== Supplied material
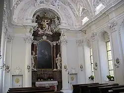 Das Innere ist ein fünfjochiger, rechteckiger Saalraum mit Tonnengewölbe und stark eingezogener, von Säulen flankierter Altarapsis. Zwei wuchtige korinthische Säulen tragen die schmale Orgelempore und trennen den Eingangsbereich vom Schiff. Der Raum ist architektonisch und ornamental reich gegliedert. Die hohen Rundbogenfenster an den Längsseiten werden von einer Kompositpilasterordnung flankiert, die Fensternischen sind von einfachen profilierten Rahmen eingefasst und durch Blattkartuschen oder Muscheln mit seitlichen Blumen- und Blattranken bekrönt. Das Gewölbe ist mit barocker Laub- und Bandlwerkstuckatur der Innsbrucker Bildhauer Anton Gigl, Andrä Gratl und Johann Singer geschmückt.
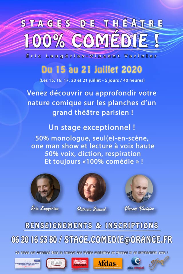 Suite au succès du stage de mai. Avec Nicolas Vaude, Patricia Samuel et Viviane Marcenaro nous vous proposons, à Paris en octobre, un nouveau stage Feydeau/Labiche-Tchekhov. Il durera deux semaines (70h), les prises en charge individuelles AFDAS, Pôle Emploi, sont possibles. Renseignements stage100paris@gmail.com ou 0780677876 #stage. - STAGES, ATELIERS
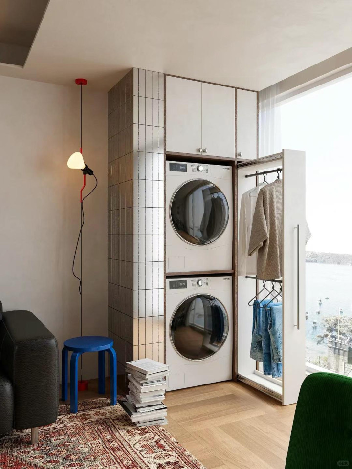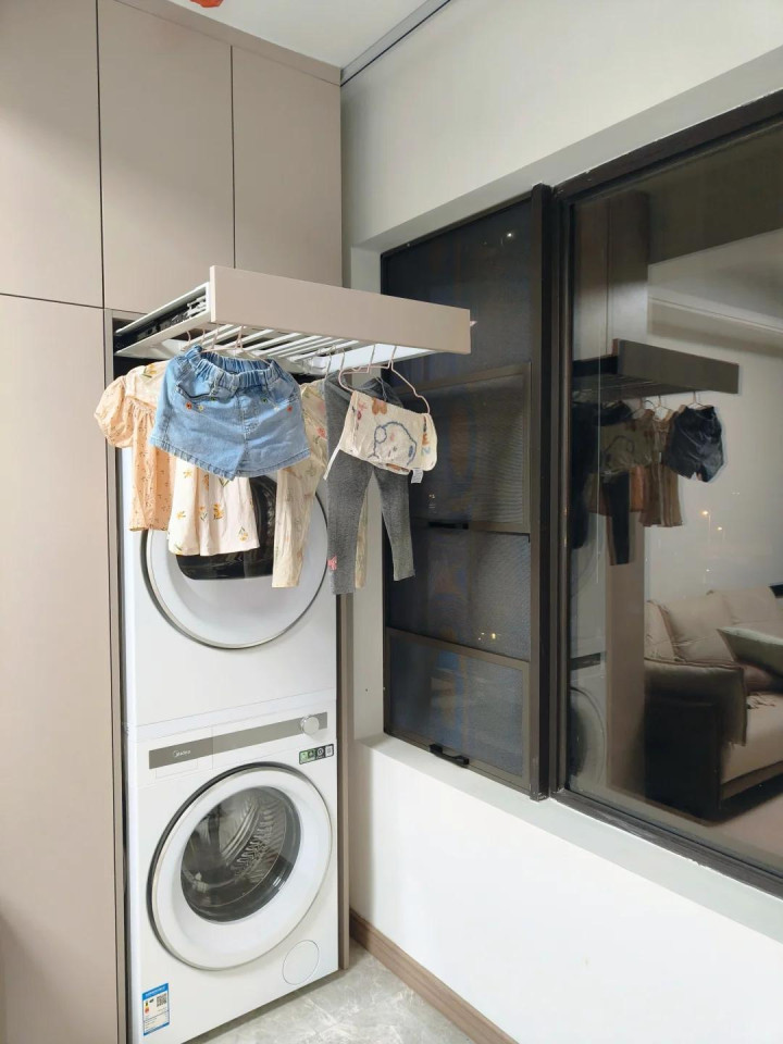 只消家里不装晾衣架,那基本皆要装烘干机,是以烘干机的上边和侧边即是两个可以的临时晾衣空间,天然方位不大,但真的是比莫得强太多了。
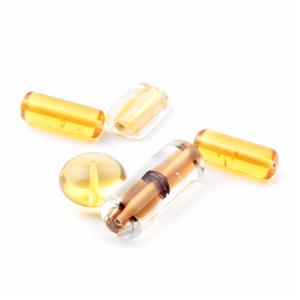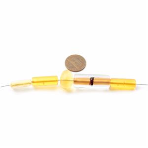(5) vintage rare Czech lampworked amber rondelle and cylinder, gold leaf lined crystal and bicolor lined cylinder art glass beads. Outstanding intricate hand made art glass beads in excellent condition.
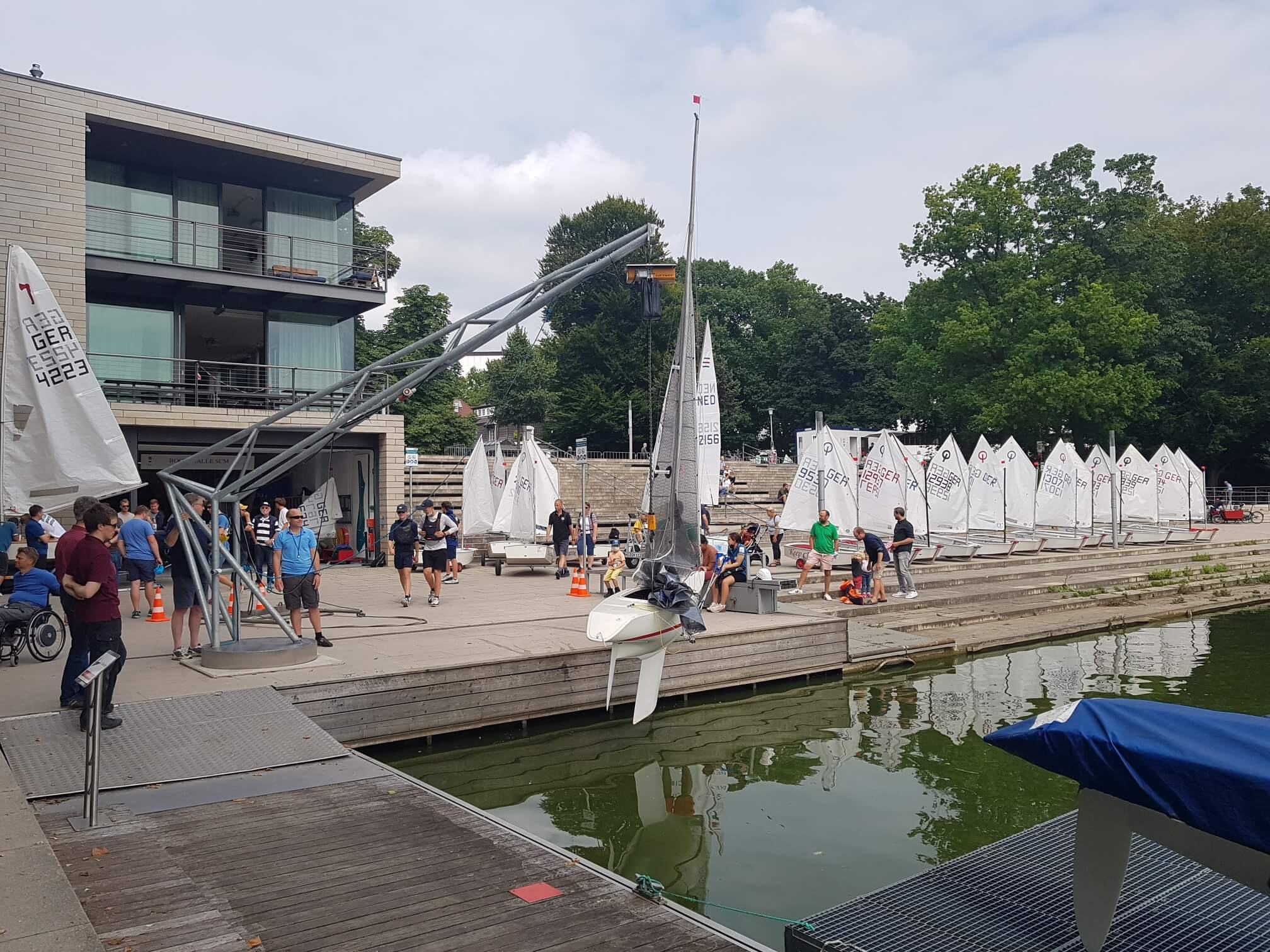 Wichtig war in Rahmen des Möglichen zusammen zu stehen, die Boote vorzubereiten und dann wirklich gemeinsam zu starten und zu segeln. Vom kleinen Optimisten über die ganze Palette der SCM Bootsklassen (C55, Pirat, und Yardstick Klassen) bis zu den großen Rennyachten war alles am Start. Leider nur der Wind nicht.
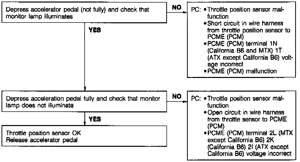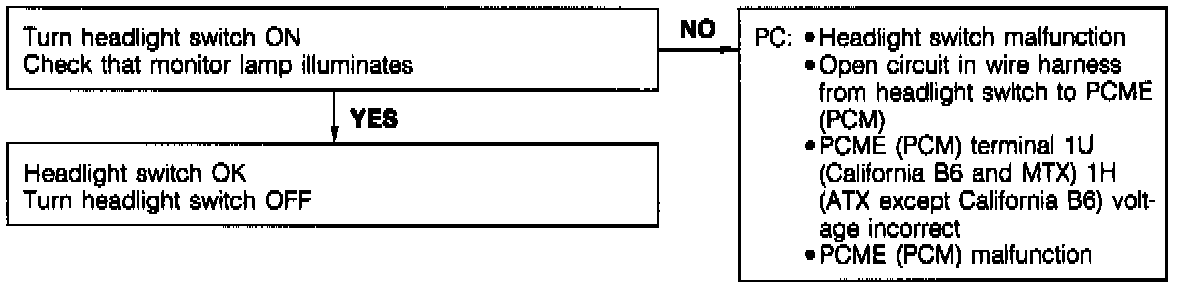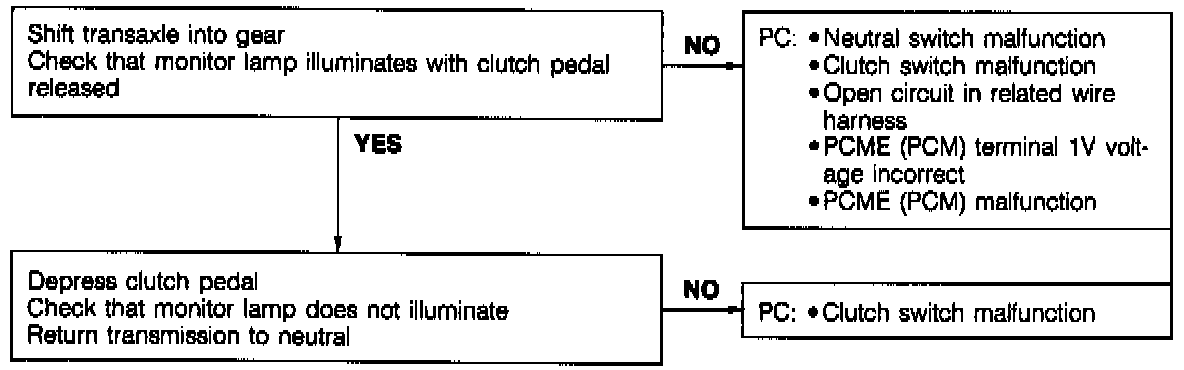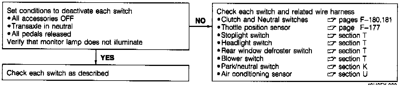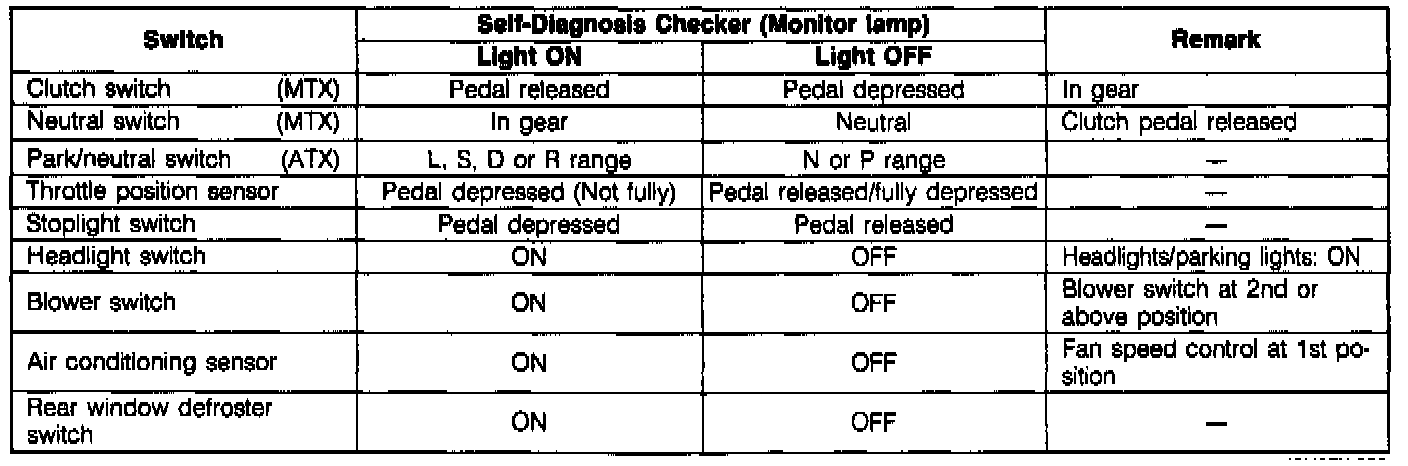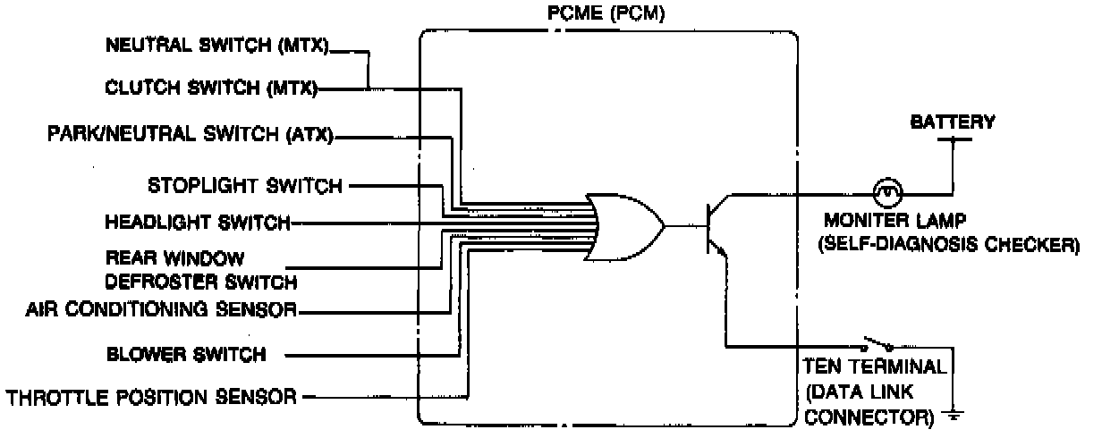 The TEN terminal of the data link connector must be grounded and the ignition switch turned ON (engine not running). If any switch remains activated, the monitor lamp will be illuminated.
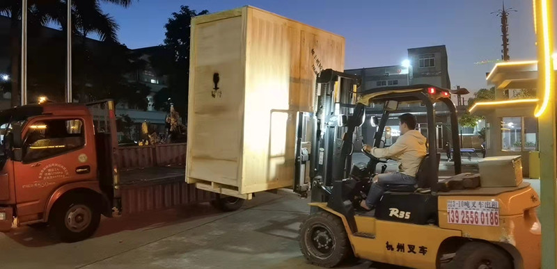 叉车司机把开合式密炼机装上货车
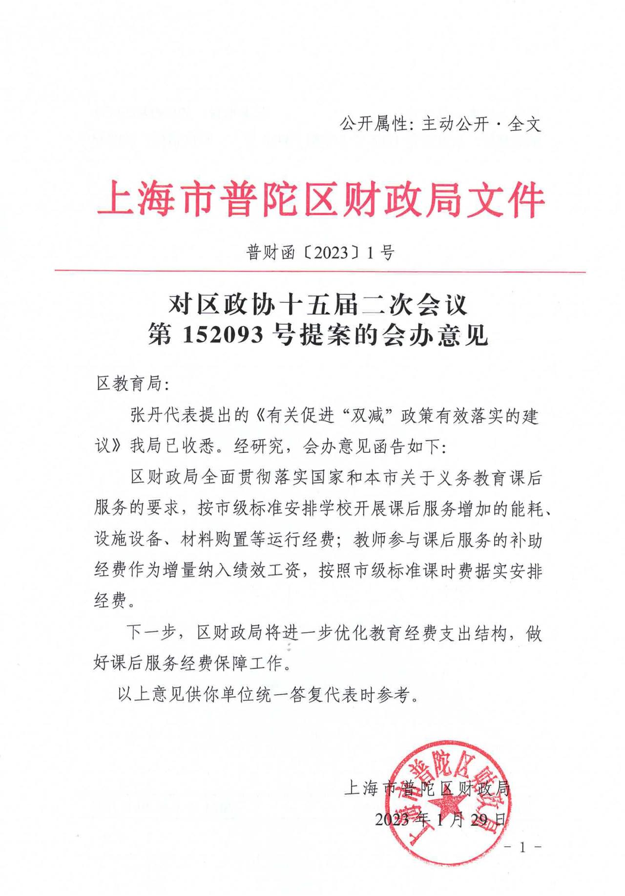 对区政协十五届二次会议第152093号提案的会办意见
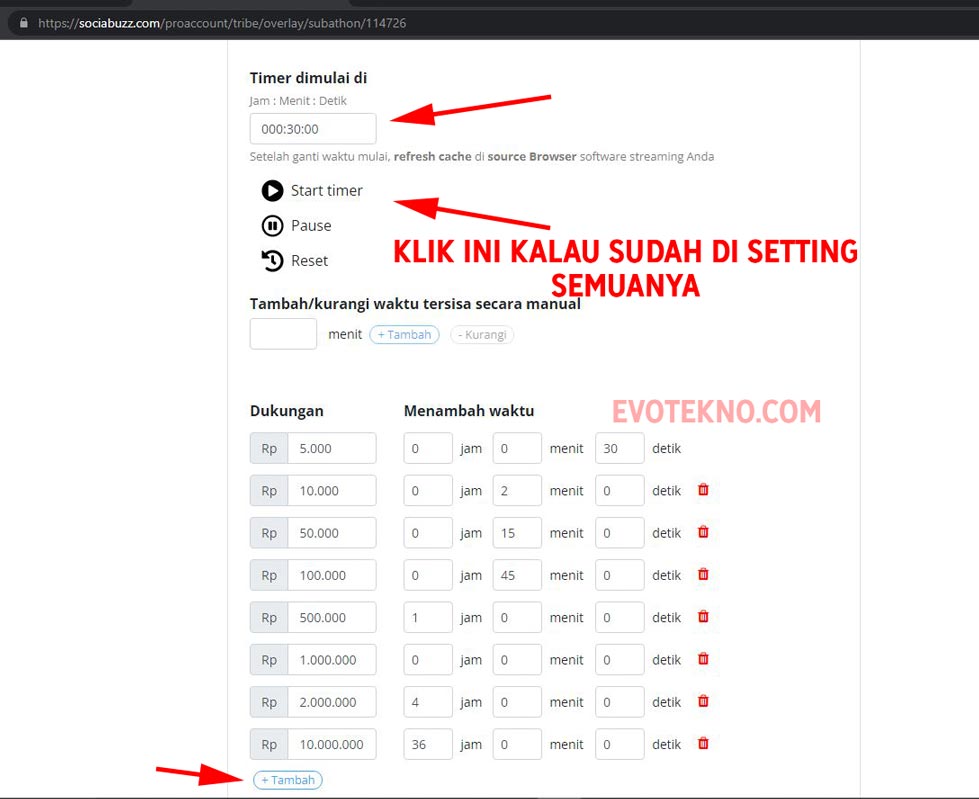 Jadi tantangannya itu, jika ada fans yang subscribe ataupun donasi, Durasi live streaming akan bertambah sesuai dengan pengaturan yang Anda berikan.
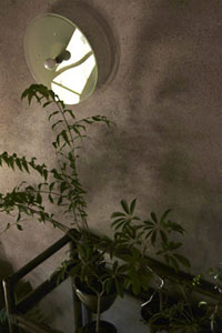 上方の丸いガラスの照明板には 外の庭が映っている。
====
The lines needed are those from the one containing "对区政协十五届二次会议第152093号提案的会办意见" through the end of the listing, given again word for word and without any picture.

 对区政协十五届二次会议第152093号提案的会办意见
 Jadi tantangannya itu, jika ada fans yang subscribe ataupun donasi, Durasi live streaming akan bertambah sesuai dengan pengaturan yang Anda berikan.
 上方の丸いガラスの照明板には 外の庭が映っている。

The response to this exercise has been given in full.